Refining your Smash Game

I am sure, at one point in time, you were or still are unhappy about your skill level at smash. This good be from having bad habits, to input flubs, or just being constantly discouraged when you pick up the game. Fortunately, I’ve made this guide to help you get back into smash and refine your game. With the steps below, you will be put on the right track to be where you want to be in Smash.


Realization

The first step to improvement is realization. You can’t fix something you don’t know. Most of us have realized our weakness, but for those who haven’t, ask yourself a few questions. Why am I losing? Why does my opponent always make it back on stage? How can I get more damage on my opponent? Why do I always mess up this input? Playing other people you will generally get vague critique like “you roll a lot” or “you dropped so many edgeguards”. This feedback may be vague but they already helped you improve by identifying a weakness, and it’s your job to constantly question yourself about this and why it happens. For example, he says I roll a lot but why do I roll, when do I roll, how do I roll, etc. Analyzing your replays is a great way to realize bad habits and the variables that cause that habit to occur.



Accepting your weakness

You can’t improve when in denial. If you know you have a weakness, but think “It’s ok”, “I don’t really need to work on it”, “It’ll fix itself” is a bad mentality to have. Acceptance is dependent on your state of mind. If you are just in a slump in smash, you need to accept the fact that your head is not in the game, and takes steps towards developing your mind to get back into the game. This can simply be just going on a hiatus, or just playing in a more comfortable environment. If you’re in-game wavedash success percentage is 70, you need to accept that it’s something you need to work on. If you simply can’t translate what’s in your head to the game you need to sit down and realize that it’s a weakness you need to overcome. Overall, acceptance is all about keeping your mentality in check and knowing your triggers. If you’re mentally stable you can begin refining your game.



Refinement

Now that you know you have a weakness, and accepted it’s something you need to improve and willing to improve on you need to refine your gameplay. Refinement is also all about your mentality. You need to care to improve in order to take steps to improve. In order to refine something, you need to practice it. In order to maximize your growth, you need to practice effectively. Let’s say your whole game is out of shape. You miss edgeguards, flub inputs constantly, and just go super auto-pilot.
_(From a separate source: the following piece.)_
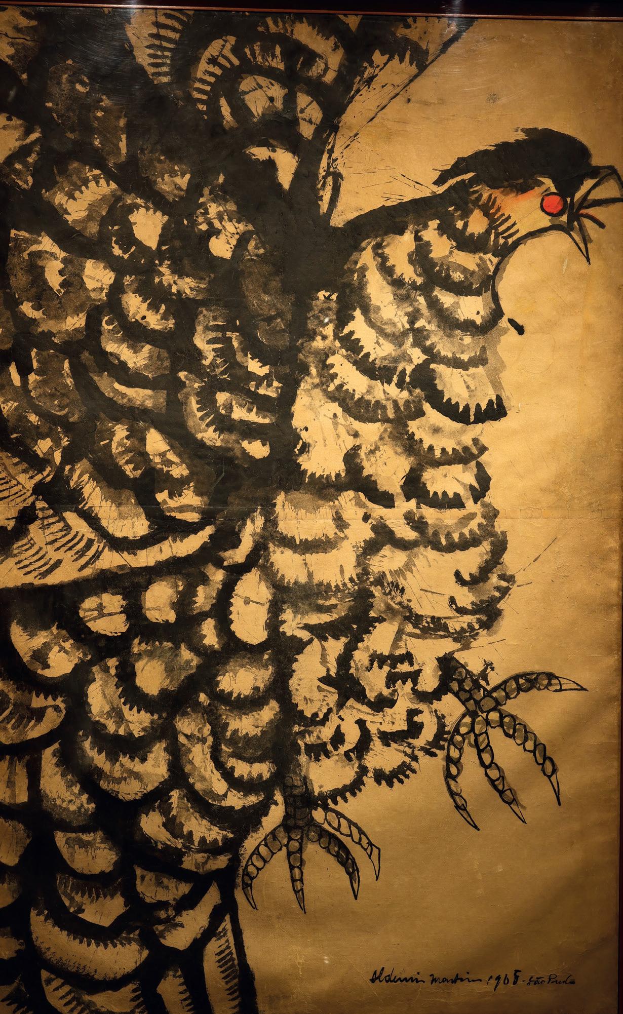 Aldemir Martins atuou na década de 1940 na formação da cena modernista cearense com os amigos Antônio Bandeira, Pierre Chabloz, Mario Barata e Barbosa Leite no Centro Cultural de Belas Artes, desdobrado na SCAP – Sociedade Cearense de Artes Plásticas. Em São Paulo, a partir de 1950, participa ativamente da cena modernista brasileira, relacionando-se com figuras-chave da cultura do País, como Assis Chateubriand e Pietro Maria Bardi. Época que ganha o Prêmio de Desenho na Bienal de São Paulo com O Cangaceiro ampliando sua temática povoada de nuances e tipos humanos nordestinos, aderente à experiência moderna no Brasil. Sempre afirmando sua raiz sertaneja de menino da Ingazeira do Sertão do Cariri, mesclando o imaginário de sua terra com traços gráficos peculiares e cores saturadas da energia do sol do Ceará, revelando também um bestiário fabuloso de galos, peixes e gatos. Um desses bichos – O Carcará, 1967, ganhou o valoroso Prêmio por Grafia na Bienal Internacional de Veneza de 1968. De olhos vermelhos, penugem preta arrepiada, bico aberto e unhas armadas para o bote, o bicho se espalha em guache e nanquim no imenso papel pardo, exposto na exposição Centelhas em Movimento, Coleção Igor Queiroz, no Espaço Cultural Unifor, arrebatando olhares e visitantes. O Carcará de Aldemir é símbolo de superação e resistência do povo nordestino que insiste em sobreviver, assim como do artista que sai de sua terra enfrentando os desafios de outras fronteiras em busca de um lugar ao sol. O carcará é o sol de Aldemir que espelha essa morte e vida severina, é luz e força para inspirar esses tempos”.

Effectively practicing means:

  1. Changing your environment.

Your environment sets off the triggers which are your habits in playing the game. You need to realize that you can’t stop auto piloting if that is all you do in tournaments or online. You must put yourself in an environment free of pressure and urgency: where you feel you have time to think and decide. From my experience, it’s all about going into training mode. In training mode, you can really improve twice as fast because not only are practicing stuff, but you are in an environment when you don’t need to think super fast and pressure yourself. Just going into a place where you can focus is best to start improving.


2. One step at a time

When practicing, you need to be sure you are conscious of every input you make. You don’t go to training mode to copy how you play online or in tournament. You go to training mode to change how you play online or in tournament. This means approaching everything you need to work on one by one. If I need to work on dash dancing, I am going to break it down. Practice Full length dashes in one direction until that becomes second nature. Practicing it in the other direction until that becomes second nature. Then combining the two until I can build competence in the technique. Building competence is not about developing second nature doing the technique but developing second nature in what you need to do in order to perform the technique. If you are trying to learn how to do a b-reverse down b, but have trouble doing the down B, you need to work on that first.



3. Day and Night

I think the most important thing to stress about practicing is not it doesn’t happen in a day. You need to work on it consistently for it to become second nature. It’s easy to get discouraged when you have been practicing a technique for 3 days and still can’t get it down, but you need to understand that if you practice consistently and really care about improving you will get better.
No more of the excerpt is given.